Start of Block

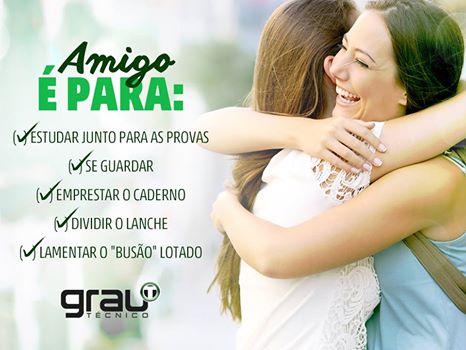 Além da formação profissional, um curso técnico nos traz também amizades para a vida toda. Marque aqui aquele seu amigo que você levará no coração mesmo depois de formado! #GrauTecnico#Amigo
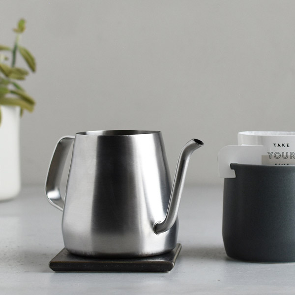POUR OVER KETTLE(プアオーバーケトル)は、使用する上でのストレスを最小限に抑えたデザインで、美しい質感とコンパクトなフォルム、主張しすぎない上質な佇まいが静かな存在感を放ちます。
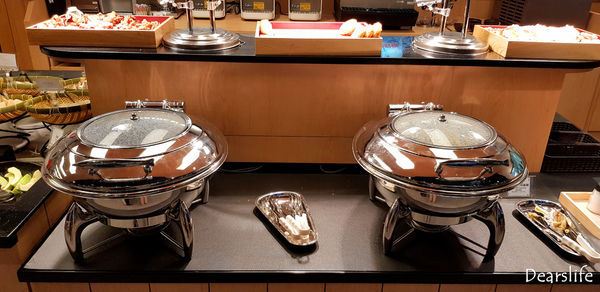 中間的自助區,一櫃為蔬食區、一櫃為熟食區,而左邊的自助區則陳列各種飲料。
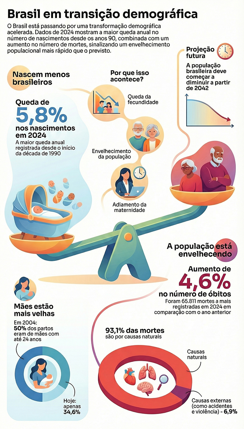 A tendência de queda na natalidade completa agora seis anos seguidos, e o recuo de 2024 foi mais intenso do que o registrado em momentos críticos, como a pandemia de Covid-19, em 2020, e o surto de Zika, em 2016.

End of Block

== Work required ==
Please transcribe the listing above verbatim and exclude every picture.

== Task answer ==
 Além da formação profissional, um curso técnico nos traz também amizades para a vida toda. Marque aqui aquele seu amigo que você levará no coração mesmo depois de formado! #GrauTecnico#Amigo
POUR OVER KETTLE(プアオーバーケトル)は、使用する上でのストレスを最小限に抑えたデザインで、美しい質感とコンパクトなフォルム、主張しすぎない上質な佇まいが静かな存在感を放ちます。
 中間的自助區,一櫃為蔬食區、一櫃為熟食區,而左邊的自助區則陳列各種飲料。
 A tendência de queda na natalidade completa agora seis anos seguidos, e o recuo de 2024 foi mais intenso do que o registrado em momentos críticos, como a pandemia de Covid-19, em 2020, e o surto de Zika, em 2016.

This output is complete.